- Developer: Apple
- Initial release: April 28, 2004; 21 years ago
- Stable release: October 28, 2011; 14 years ago
- Type: Audio codec
- License: Apache License 2.0
- Website: alac.macosforge.org
- Repository: github.com/macosforge/alac ;

= Apple Lossless Audio Codec =

Lossless digital audio coding format

The Apple Lossless Audio Codec (ALAC, /əˈlæk/), also known as Apple Lossless, or Apple Lossless Encoder (ALE), is an audio coding format, and its reference audio codec implementation, developed by Apple for lossless data compression of digital music. After initially keeping it proprietary from its inception in 2004, in late 2011 Apple made the codec available open source and royalty-free. Traditionally, Apple has referred to the codec as Apple Lossless, though more recently, ca. 2017, it has begun to use the abbreviated term ALAC when referring to the codec.

ALAC data is frequently stored within an MP4 container with the filename extension .m4a. This extension is also used by Apple for AAC (which is a lossy format) in an MP4 container (same container, different audio encoding). ALAC can also be used by the .CAF file type container, though this is much less common.

==Codec==
ALAC supports up to 8 channels of audio at 16, 20, 24 and 32 bit depth with a maximum sample rate of 384 kHz.

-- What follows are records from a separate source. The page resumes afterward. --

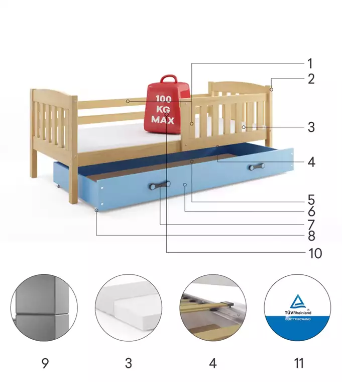Bed frame – made of pine wood, painted with a water-based varnish. Assembly accessories – quick and easy assembly.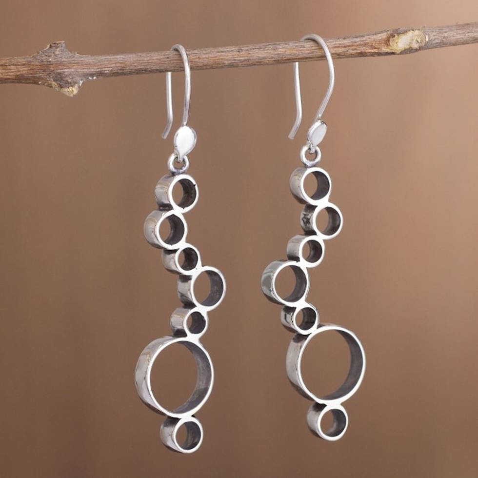 Peruvian Sterling Silver Dangle Earrings with Circle Shapes 'Bubble Waterfall' Item ID: 2669919683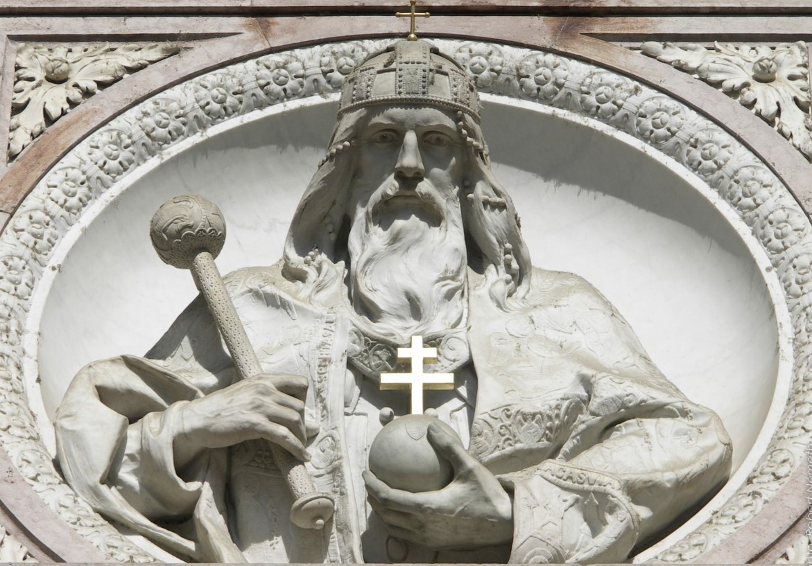 정면에 가로줄이 두 개인 십자가를 들고 근엄하게 서 있는 성 이슈트반의 동상이 제일 먼저 눈에 들어온다.

ALAC also does not use any DRM scheme; but by the nature of the MP4 container, it is feasible that DRM could be applied to ALAC much in the same way it is applied to files in other QuickTime containers.

According to Apple, audio files compressed with its lossless codec will use up "about half the storage space" that the uncompressed data would require. Testers using a selection of music have found that compressed files are about 40% to 60% the size of the originals depending on the kind of music, which is similar to other lossless formats.

ALAC has been measured to require around four times as much CPU power to decode than FLAC does, with implications for battery life on limited-power devices. Still, the format has been recommended for older iPod devices based on claims of lower power usage.

Partly because of the use of an MP4 container, ALAC does not contain integrated error checking.

ALAC is not a variant of AAC (which is a lossy format), but rather an unrelated lossless format that uses linear prediction (similar to other lossless codecs).

==History==
The data compression software for encoding into ALAC files, Apple Lossless Encoder, was introduced into the Mac OS X Core Audio framework on April 28, 2004, together with the QuickTime 6.5.1 update, thus making it available in iTunes since version 4.5 and above, and its replacement, the Music application. The codec is also used in the AirPort and AirPlay implementation.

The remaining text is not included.